Saraiva Conteúdo por Saraiva Conteúdo Livros 26.09.2012 26.09.2012

A geração subzero de Felipe Pena: literatura, crítica e sucesso

Por Laíssa Barros 
 
Jornalista, professor e autor de livros na área de comunicação, Felipe Pena reuniu em Geração Subzero vinte autores brasileiros aclamados pelos leitores e esquecidos pela crítica. Thalita Rebouças, André Vianco, Raphael Draccon, Eduardo Spohr, entre outros, apresentam seus contos na coletânea que gerou polêmica ao alfinetar a crítica brasileira.
 
Em entrevista ao SaraivaConteúdo, Felipe Pena expôs suas ideias sobre a literatura e a crítica do País, além de defender Geração Subzero como um grito dos autores que vedem milhões de livros, mas estão fora dos eventos literários e dos olhares dos críticos famosos.
Essa coletânea surgiu de quais perguntas e conclusões suas como autor, professor e leitor?
Felipe Pena.
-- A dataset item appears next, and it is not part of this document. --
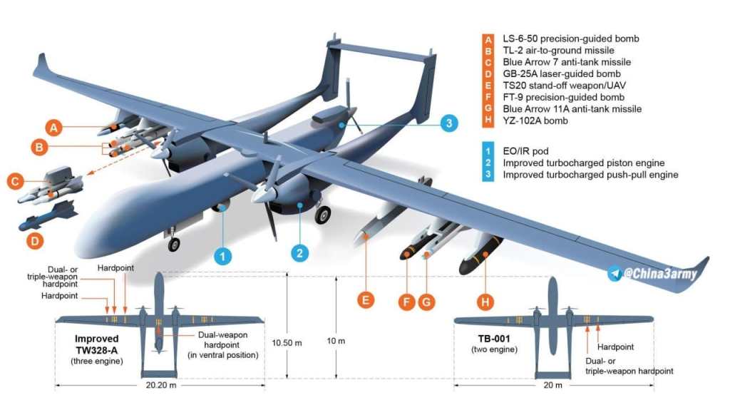 The TW328-A is a larger version of the Tengden TB-001 Scorpion UAV in service with the PLA.

A coletânea surgiu da necessidade de ironizar a empáfia de alguns críticos e escritores. A opção pela ironia sempre esteve presente nos meus romances. Minhas histórias ironizam a cultura erudita, o mundo acadêmico e a comunidade literária, que são as próprias áreas por onde eu circulo. Acredito que a ironia seja o melhor instrumento para desarmar a prepotência do mundo literário e do mundo acadêmico. E foi o que fiz com o Geração Subzero, que é uma ironia com a coletânea Geração 00, do Nelson de Oliveira, que teve a pretensão de apresentar os melhores autores brasileiros surgidos nos anos 2000. Uma pretensão absurda. Obviamente, a ironia serviu para provocar essa suposta crítica intelectualizada.
Qual a sua análise sobre o atual momento da literatura brasileira? Quais são os pontos interessantes e os desinteressantes da nova geração de escritores brasileiros?
Felipe Pena. A maior parte dos autores gosta de trabalhar no registro da metalinguagem, do hermetismo. Eles não querem ser lidos, querem ser estudados pela academia. Querem agradar a uma crítica universitária cuja atribuição de valor é apenas para a prosa que se aproxima da elipse, da referência intelectualizada, da erudição construída e da receita caseira que apregoa que a literatura é para poucos. E os poucos são eles próprios. É uma visão elitista. Essa crítica acadêmica é paneleira, ou seja, vive numa panela de autores e os incentiva a escrever do jeito que acha correto. E os próprios escritores se resenham mutuamente. É constrangedor.
O que você acha e como contestaria os críticos que dizem que os leitores das obras dos autores de sua coletânea “só buscam uma história”?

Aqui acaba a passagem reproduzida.